1. There are a number of plots that can be generated to help determine the most appropriate model.

2. A number of additional intervals and tests that are not included in the standard Dataplot outputs can be generated from information that is provided by the fit.

3. There are a number of regression diagnostics that go beyond standard residual analysis.

4. When there are multiple independent variables being considered, it may be useful to assess multi-collinearity.

The above are demonstrated in the Program example below. Note that this program example is meant to show the mechanics of the various plots and commands and is not intended to be treated as a case study.

One purpose of many regression diagnostics is to identify observations with either high leverage or high influence. High leverage points are those that are outliers with respect to the independent variables. Influential points are those that cause large changes in the parameter estimates when they are deleted. Although an influential point will typically have high leverage, a high leverage point is not necessarily an influential point. The leverage is typically defined as the diagonal of the hat matrix (hat matrix = H = X(X'X)**(-1)X'). Dataplot currently writes a number of measures of influence and leverage to the file dpst3f.dat (e.g., the diagonal of the hat matrix, Cook's distance, DFFITS).

Pre-Fit Plots
When there are multiple independent variables, it is common to plot the dependent variable against each of the independent variable. However, these basic plots do not account for the effect of the other independent variables in the model into account. Several plots have been proposed to address this. Specifically,

1. Partial Residual Plot

Partial residual plots are formed as:

$$\mbox{Res} + \hat{\beta}_{i} X_{i}$$ versus $$X_{i}$$

where

Res = residuals from the full model
$$\hat{\beta}_{i}$$ = regression coefficient from the i-th independent variable in the full model
Xi = the i-th independent variable

Partial residual plots are widely discussed in the regression diagnostics literature (e.g., see the References section below). Although they can often be useful, be aware that they can also fail to indicate the proper relationship. In particular, if Xi is highly correlated with any of the other independent variables, the variance indicated by the partial residual plot can be much less than the actual variance.

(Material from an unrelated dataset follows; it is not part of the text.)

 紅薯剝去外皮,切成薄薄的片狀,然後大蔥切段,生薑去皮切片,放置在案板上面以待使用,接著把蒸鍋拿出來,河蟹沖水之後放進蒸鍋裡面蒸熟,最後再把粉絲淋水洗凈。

2. Component and Component-Plus-Residual (CCPR) Plot

The CCPR plot is a refinement of the partial residual plot. It generates a partial residual plot but also adds

$$\hat{\beta}_{i} X_{i}$$ versus Xi

This is the "component" part of the plot and is intended to show where the "fitted line" would lie.

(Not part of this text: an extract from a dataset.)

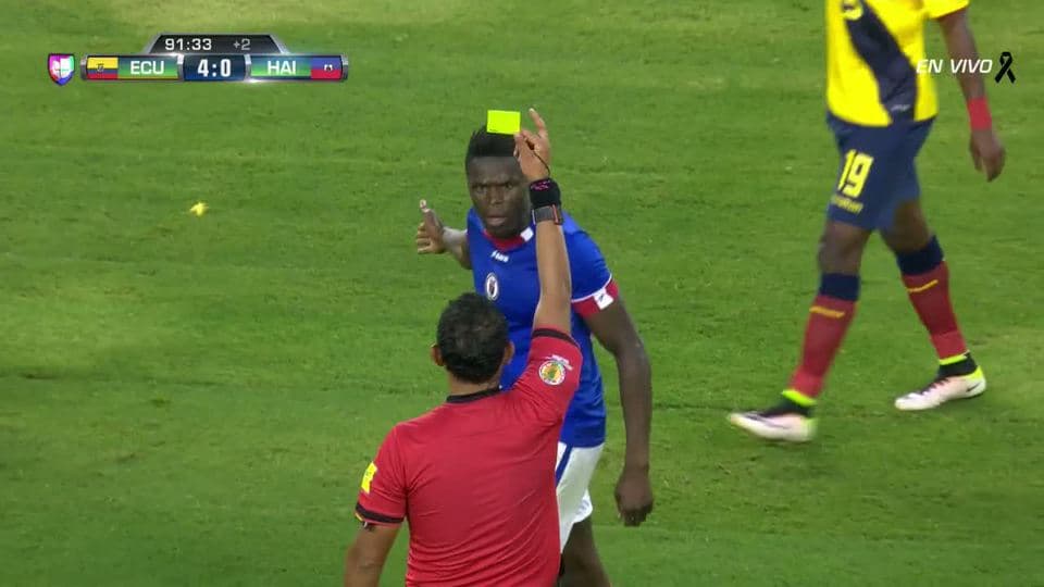 Tarjeta amarilla. El árbitro amonesta a Romain Genevois de Haití

3. Partial Regression Plot

Partial regression plots are also referred to as added variable plots, adjusted variable plots and individual coefficient plots.

Partial regression plots attempt to show the effect of adding an additional variable to the model (given that one or more independent variables are already in the model). Partial regression plots are formed by:

1. Compute the residuals of regressing the response variable against the independent variables but omitting Xi

2. Compute the residuals from regressing Xi against the remaining independent variables.

3. Plot the residuals from (1) against the residuals from (2).

Velleman and Welsch (see References below) express this mathematically as:

Y.[i] versus Xi.[i]

where

Y.[i] = residuals from regressing Y (the response variable) against all the independent variables except Xi
Xi.[i] = residuals from regressing Xi against the remaining indpependent variables.

Velleman and Welsch list the following useful properties for this plot:

1. The least squares linear fit to this plot has the slope i and intercept zero.

2. The residuals from the least squares linear fit to this plot are identical to the residuals from the least squares fit of the original model (Y against all the independent variables including Xi).

3. The influences of individual data values on the estimation of a coefficient are easy to see in this plot.

4. It is easy to see many kinds of failures of the model or violations of the underlying assumptions (nonlinearity, heteroscedasticity, unusual patterns).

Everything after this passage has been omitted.